▸ **REQUIRED ACTION**
Repeat exactly the lines of the records below, starting at the line containing "Белый цвет —" and ending at the line containing "矢内 歌麟さんの総格は46画の1点!". Leave the pictures out.

▸ **INFORMATION**
==================================================
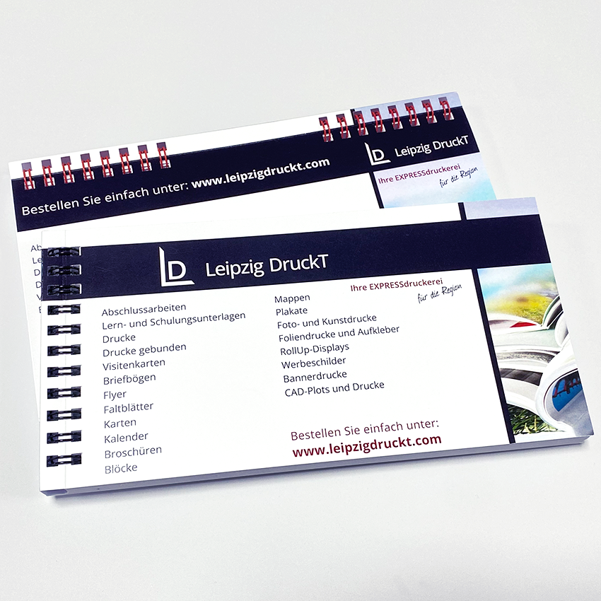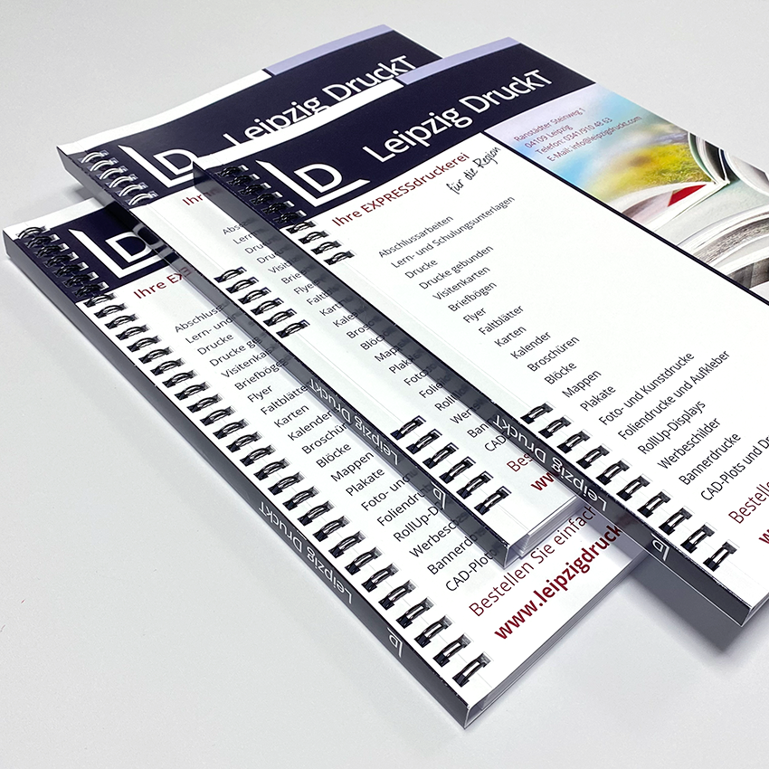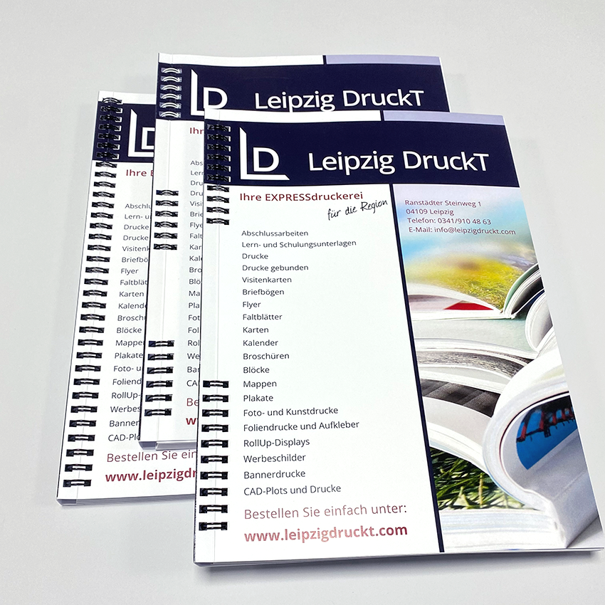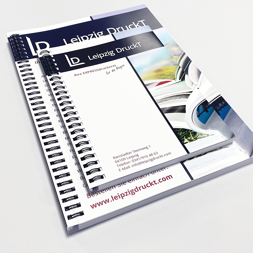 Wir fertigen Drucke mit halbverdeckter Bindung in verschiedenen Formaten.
==================================================
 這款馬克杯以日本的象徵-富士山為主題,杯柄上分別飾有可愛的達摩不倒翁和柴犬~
==================================================
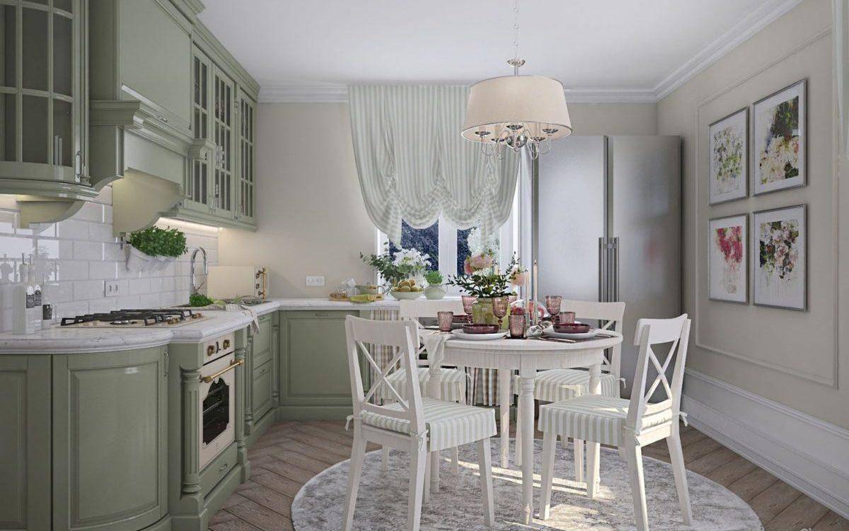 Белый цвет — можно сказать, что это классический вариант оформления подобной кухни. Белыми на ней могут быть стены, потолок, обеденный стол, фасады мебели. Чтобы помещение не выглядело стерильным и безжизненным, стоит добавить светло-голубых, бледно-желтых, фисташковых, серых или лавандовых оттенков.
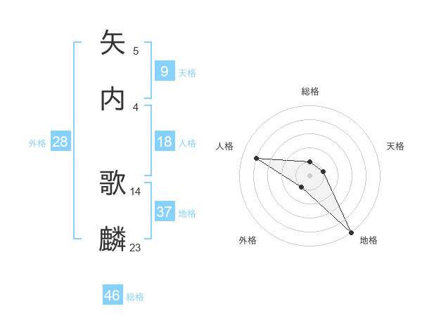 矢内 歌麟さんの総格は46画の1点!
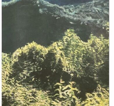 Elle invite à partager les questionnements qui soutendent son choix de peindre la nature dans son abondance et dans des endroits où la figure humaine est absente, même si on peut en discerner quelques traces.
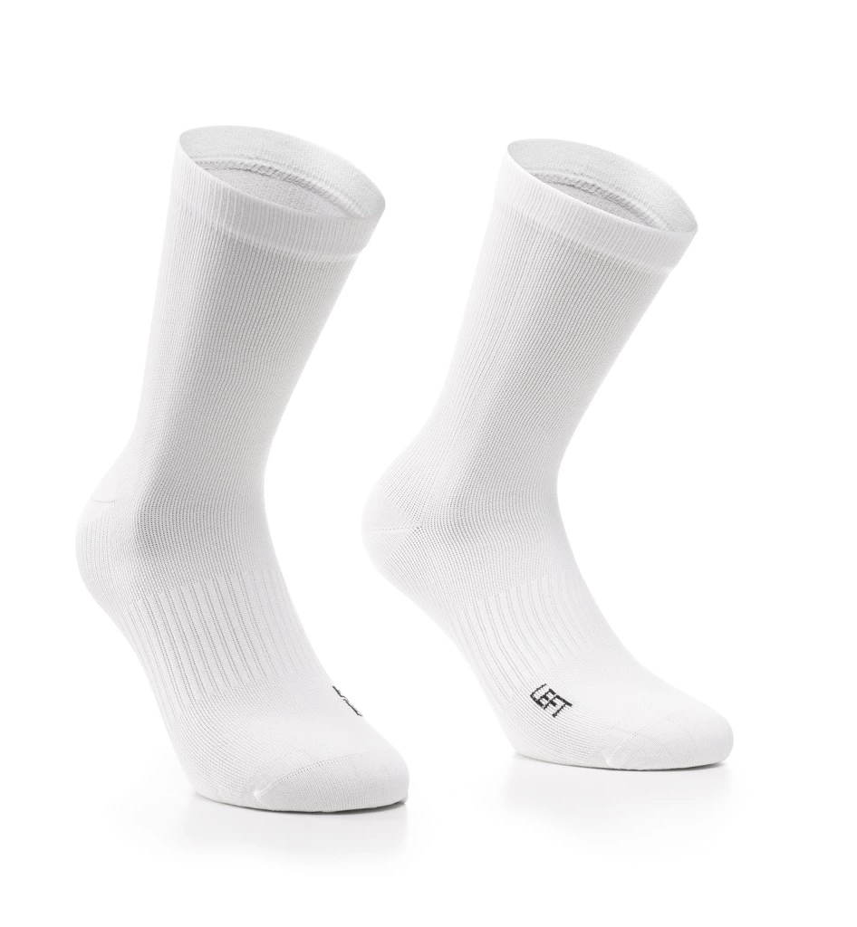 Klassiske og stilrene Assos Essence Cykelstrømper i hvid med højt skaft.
==================================================
▸ **ANSWER FOR THE TASK**
 Белый цвет — можно сказать, что это классический вариант оформления подобной кухни. Белыми на ней могут быть стены, потолок, обеденный стол, фасады мебели. Чтобы помещение не выглядело стерильным и безжизненным, стоит добавить светло-голубых, бледно-желтых, фисташковых, серых или лавандовых оттенков.
 矢内 歌麟さんの総格は46画の1点!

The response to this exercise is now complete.